The Subject Experts Committee (SEC) for Antimicrobials & Antivirals has reportedly recommended the Central Drugs Standard Control Organization (CDSCO) to grant conditional approval to import and market the drug. CDSCO is the top drug regulator in India.
Rifapentine, however, should be available only through the National TB Control Program for the treatment of LTBI.
It is also required that the company conduct phase IV clinical trial on the drug. A drug surveillance programme, for which a protocol should be developed in consultation with the programme expert and submitted to CDSCO for review through SEC, should also be in place.

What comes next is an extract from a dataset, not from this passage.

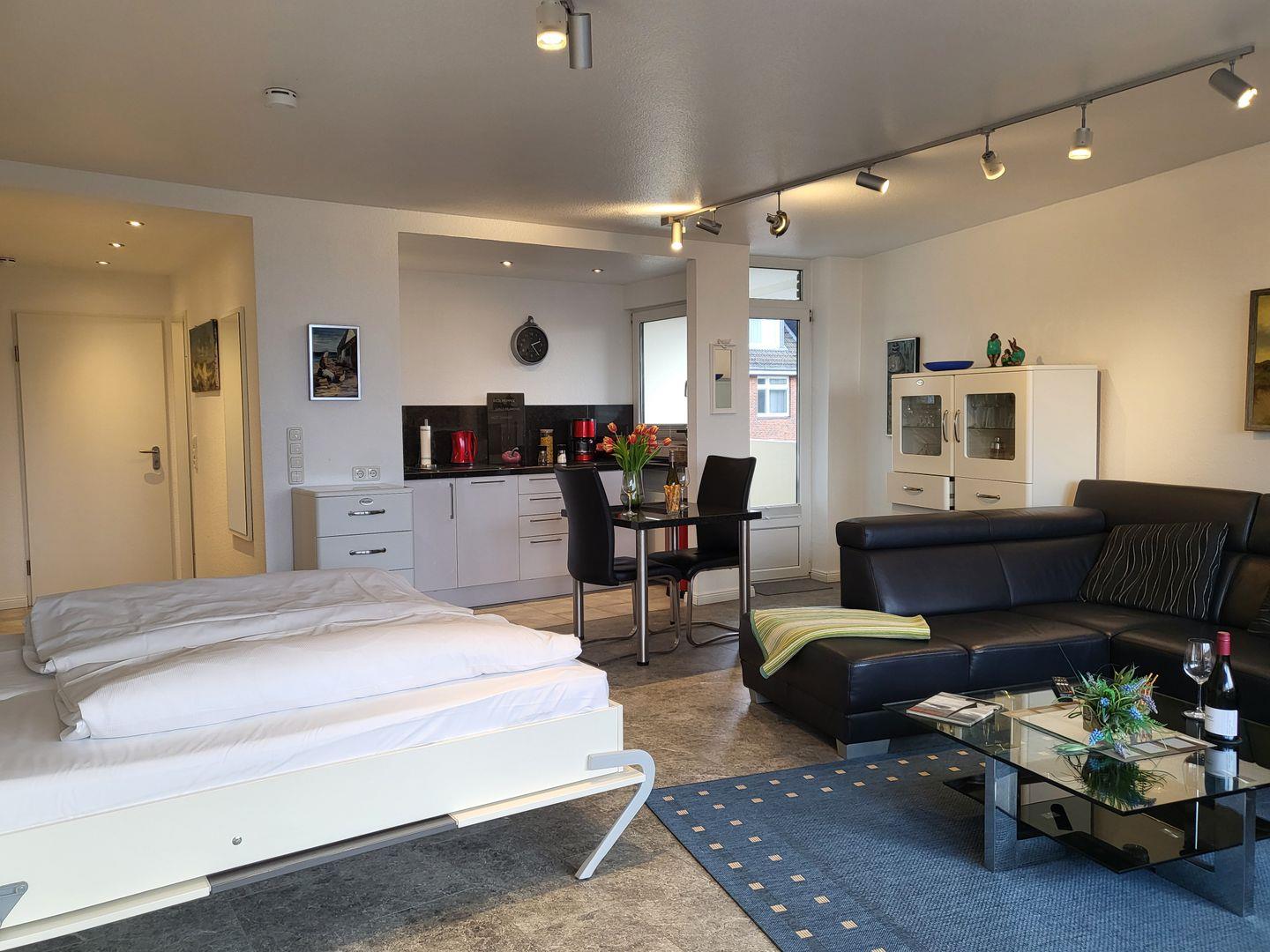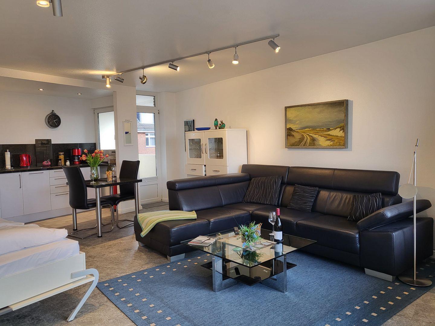 Die 50m² große, wunderbar hell und einladend wirkende 1-Zimmer Ferienwohnung liegt in der 2. Etage und bietet 2 Personen Platz für einen wunderbaren Urlaub in St. Peter Ording.

Rifapentine, which is sold under the brand name Priftin, is used in the treatment of latent tuberculosis infection (LTBI). The once-weekly rifapentine 150 mg pills are found to be effective to cut short the TB drug regimen by three months.
Unlike the active disease, LTBI shows no outward symptoms, hence it is often left undiagnosed. The proportion of LTBI is estimated at around 40% in India, which is far higher than the world average.
India has set an ambitious target of eliminating TB by 2015. The goal is to end the country’s number one infectious killer five years ahead of the global target of 2030.